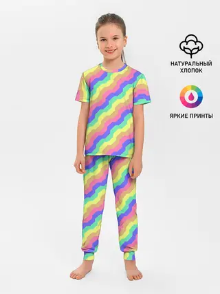 Детская пижама с брюками / Радужные волны
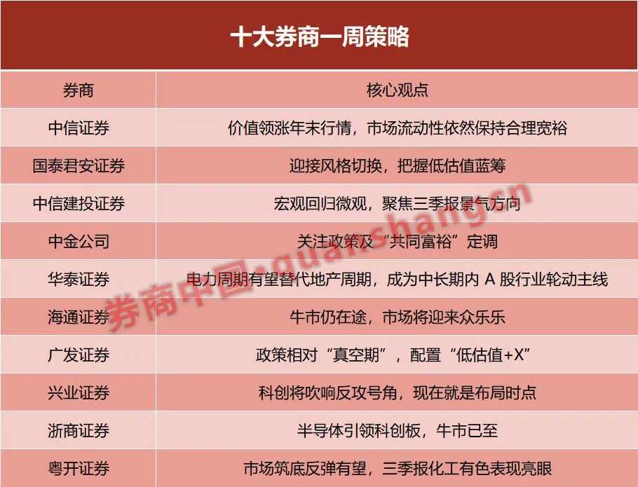 中信证券:预计低位价值板块将领涨年末行情,市场流动性依然宽裕。政策缓解经济焦虑,投资者共识提升。四季度经济运行将边际改善,通胀压力逐步缓解,机构资金净流入明显,市场流动性保持合理宽裕。配置上,建议围绕基本面预期低位且前期估值修正充分的行业展开,重点关注中游制造、消费、医药及科技板块。
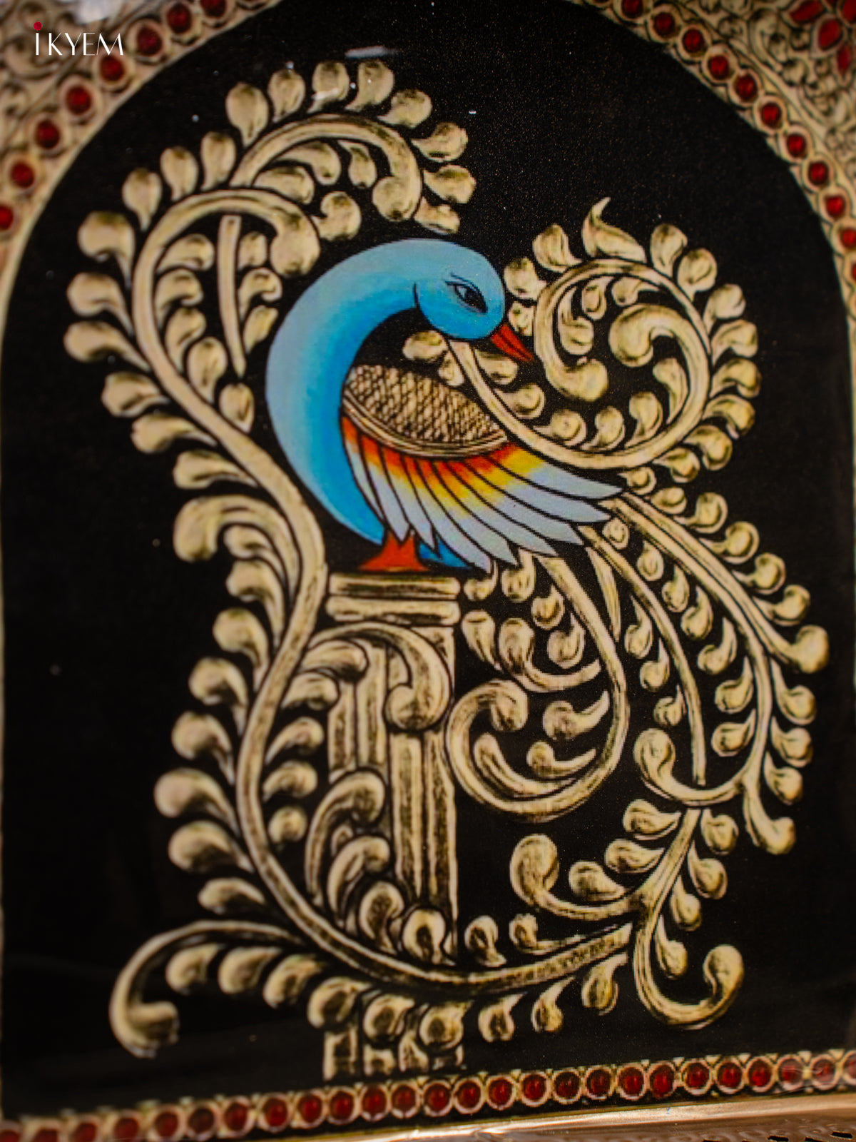 - This 10-inch square metal tray features a traditional Peacock design, perfect for pooja ceremonies and religious offerings.
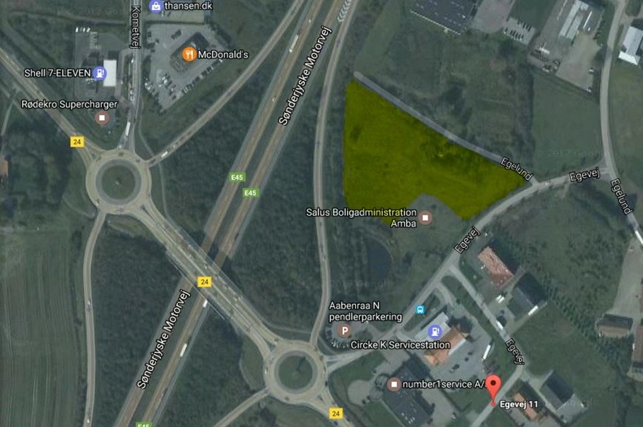 Området Egelund er særdeles velbeliggende og denne erhvervsgrund på 13.262 kvm har facademulighed direkte ud til Motorvej E45 ved til- og frakørsel 70.
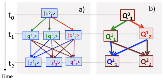 Three measurements, , are made on a three-level system, . The first one, yields an outcome and prepares the system in a state . Two other operators have degenerate eigenvalues, , (), and , (). (a) Nine virtual paths in Equation (3). (b) Four real paths (i.e., the observed sequences ), . Different colours are used to relate the virtual paths to the observed outcomes.
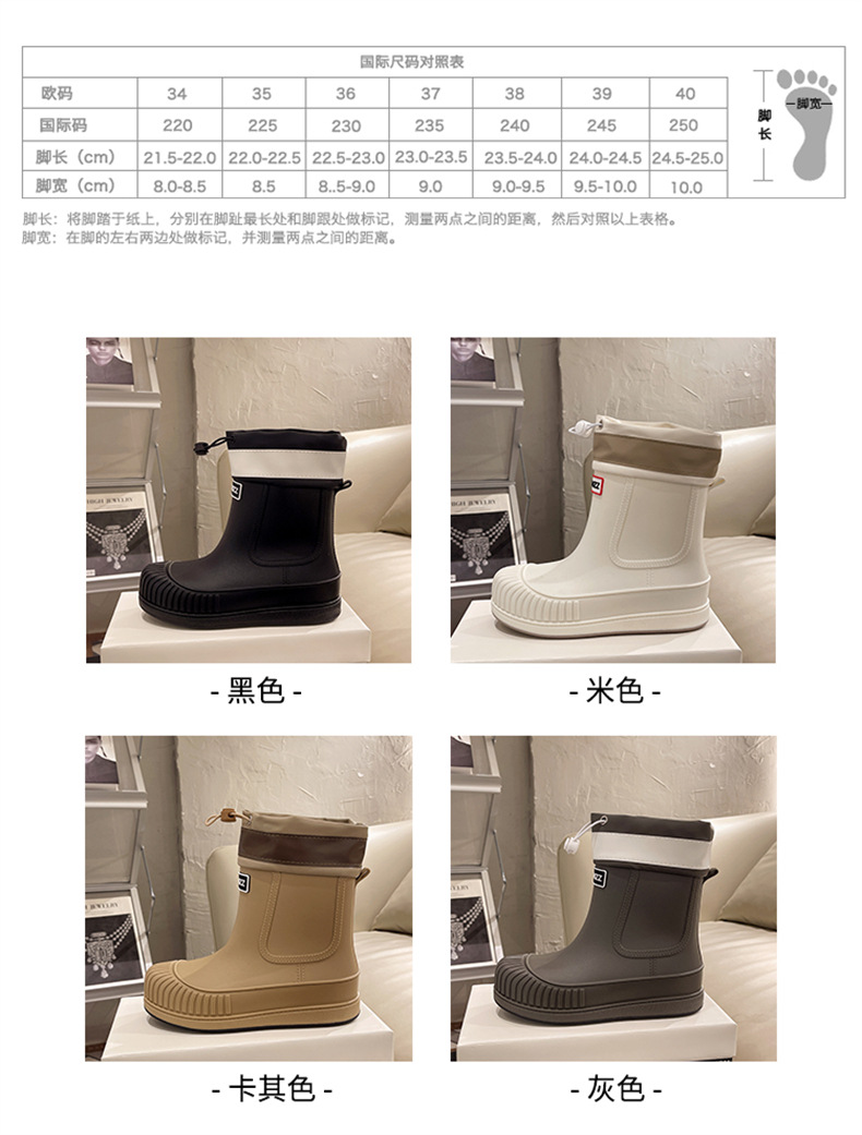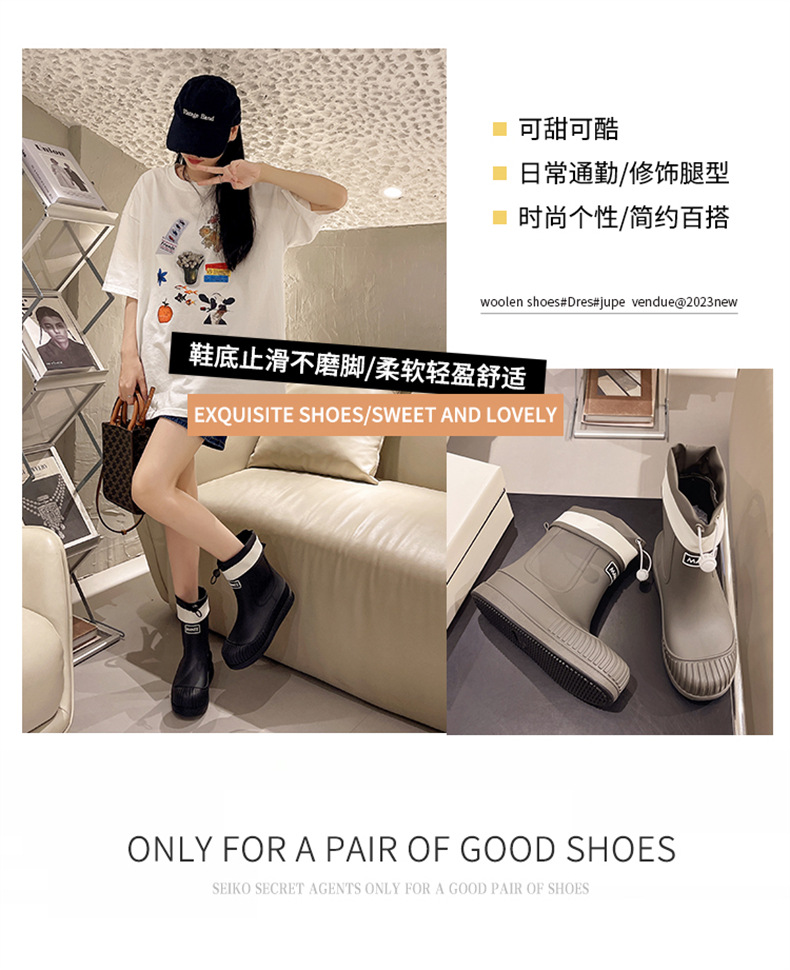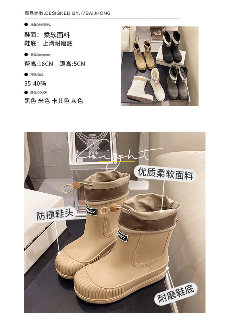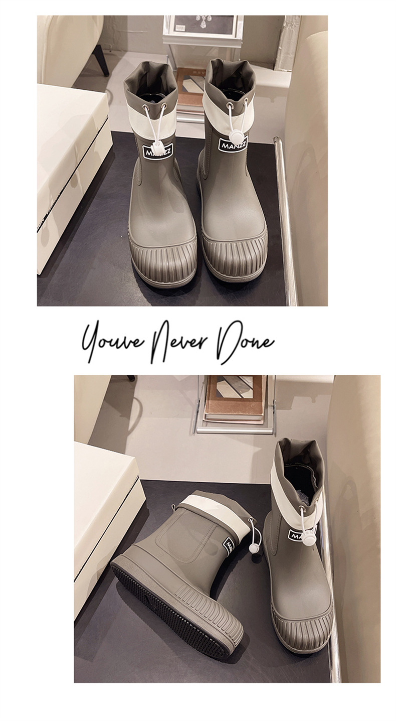 거들 방수 여성 장화 패션 장화 온라인 인기 여자 물 신발 야외 미끄럼 방지 고무 신발 일본과 한국 패션스토어 가기

YOUR TASK — Each entry above must be repeated word for word, minus its images.

RESPONSE AREA —
 Детская пижама с брюками / Радужные волны
 中信证券:预计低位价值板块将领涨年末行情,市场流动性依然宽裕。政策缓解经济焦虑,投资者共识提升。四季度经济运行将边际改善,通胀压力逐步缓解,机构资金净流入明显,市场流动性保持合理宽裕。配置上,建议围绕基本面预期低位且前期估值修正充分的行业展开,重点关注中游制造、消费、医药及科技板块。
 - This 10-inch square metal tray features a traditional Peacock design, perfect for pooja ceremonies and religious offerings.
 Området Egelund er særdeles velbeliggende og denne erhvervsgrund på 13.262 kvm har facademulighed direkte ud til Motorvej E45 ved til- og frakørsel 70.
 Three measurements, , are made on a three-level system, . The first one, yields an outcome and prepares the system in a state . Two other operators have degenerate eigenvalues, , (), and , (). (a) Nine virtual paths in Equation (3). (b) Four real paths (i.e., the observed sequences ), . Different colours are used to relate the virtual paths to the observed outcomes.
 거들 방수 여성 장화 패션 장화 온라인 인기 여자 물 신발 야외 미끄럼 방지 고무 신발 일본과 한국 패션스토어 가기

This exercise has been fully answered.